How should I get those coordinates?
Upvotes: 4
Views: 828
Reputation: 44238
I do not think you can use std::max_element
for such data. You can use std::accumulate()
:
using dvect = std::vector<double>;
using ddvect = std::vector<dvect>;
using dddvect = std::vector<ddvect>;
dddvect mx = { { { 1, 2, 3 }, { -1, 3 }, { 8,-2, 3 } },
{ {}, { -1, 25, 3 }, { 7, 3, 3 } },
{ { -1, -2, -3 }, {}, { 33 } } };
struct max_value {
size_t i = 0;
size_t j = 0;
size_t k = 0;
double value = -std::numeric_limits<double>::infinity();
max_value() = default;
max_value( size_t i, size_t j, size_t k, double v ) : i( i ), j( j ), k( k ), value( v ) {}
max_value operator<<( const max_value &v ) const
{
return value > v.value ? *this : v;
}
};
auto max = std::accumulate( mx.begin(), mx.end(), max_value{}, [&mx]( const max_value &val, const ddvect &ddv ) {
auto i = std::distance( &*mx.cbegin(), &ddv );
return std::accumulate( ddv.begin(), ddv.end(), val, [i,&ddv]( const max_value &val, const dvect &dv ) {
auto j = std::distance( &*ddv.cbegin(), &dv );
return std::accumulate( dv.begin(), dv.end(), val, [i,j,&dv]( const max_value &val, const double &d ) {
auto k = std::distance( &*dv.cbegin(), &d );
return val << max_value( i, j, k, d );
} );
} );
} );
live example.
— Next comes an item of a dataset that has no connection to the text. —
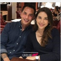
เรียกตรามาโครมใหญ่ "แมท" เปิดศักราชใหม่ ลงภาพคู่ "สงกรานต์"

Code could be simplified if C++14 or later allowed but I am not sure that it would worse the effort and data reorganization most probably would work better (you would be able to use std::max_element()
on singe vector for example). On another side this layout supports jagged matrix as shown on example (different size subarrays)
Upvotes: 0
Reputation: 11779
Here is how I would do it, by looping over the matrix, checking for highest values, and recording its indexes.
size_t highestI = 0;
size_t highestJ = 0;
size_t highestK = 0;
double highestValue = -std::numeric_limits<double>::infinity(); // Default value (Include <limits>)
for (size_t i = 0; i < mountain_table.size(); ++i)
{
for (size_t j = 0; j < mountain_table[i].size(); ++j)
{
for (size_t k = 0; k < mountain_table[i][j].size(); ++k)
{
if (mountain_table[i][j][k] > highestValue)
{
highestValue = mountain_table[i][j][k]; // Highest
// value needed to figure out highest indexes
// Stores the current highest indexes
highestI = i;
highestJ = j;
highestK = k;
}
}
}
}
This may not be the most efficient algorithm, but it gets the job done in an understandable way.
Upvotes: 3
Reputation: 2329
Since the max_element
function is pretty short and easy to implement, I would suggest to write something similar yourself to fit your exact scenario.
// For types like this I would suggest using a type alias
using Vector3d = std::vector<std::vector<std::vector<double>>>;
std::array<size_t, 3> max_element(const Vector3d& vector) {
std::std::array<size_t, 3> indexes;
double biggest = vector[0][0][0];
for (unsigned i = 0; i < vector.size(); ++i)
for (unsigned j = 0; j < vector[i].size(); ++j)
for (unsigned k = 0; k < vector[i][j].size(); ++k)
if (value > biggest) {
biggest = value;
indexes = { i, j, k };
}
return indexes;
}
One other suggestion I could give you is to write your custom class Vector3d
, with convenient functions like operator()(int x, int y, int z)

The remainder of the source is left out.